● **Work instructions**: Could you restate word for word only the lines below from the one holding "Una vez iniciada" to the one holding "Si 2 cavités", inclusive, and leave out the pictures?

● **Task inputs**:
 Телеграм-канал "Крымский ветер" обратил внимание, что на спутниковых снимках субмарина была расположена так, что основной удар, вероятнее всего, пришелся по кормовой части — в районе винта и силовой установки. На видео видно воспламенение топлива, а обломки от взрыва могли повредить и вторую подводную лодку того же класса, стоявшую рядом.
...
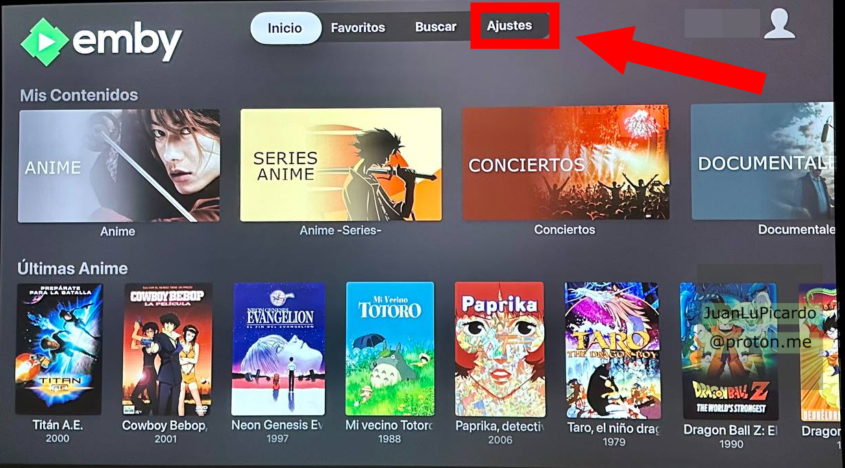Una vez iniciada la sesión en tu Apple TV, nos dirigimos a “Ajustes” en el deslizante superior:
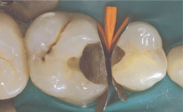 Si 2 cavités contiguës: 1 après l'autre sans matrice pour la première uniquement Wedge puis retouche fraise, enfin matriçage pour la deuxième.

● **Solved problem**:
Una vez iniciada la sesión en tu Apple TV, nos dirigimos a “Ajustes” en el deslizante superior:
 Si 2 cavités contiguës: 1 après l'autre sans matrice pour la première uniquement Wedge puis retouche fraise, enfin matriçage pour la deuxième.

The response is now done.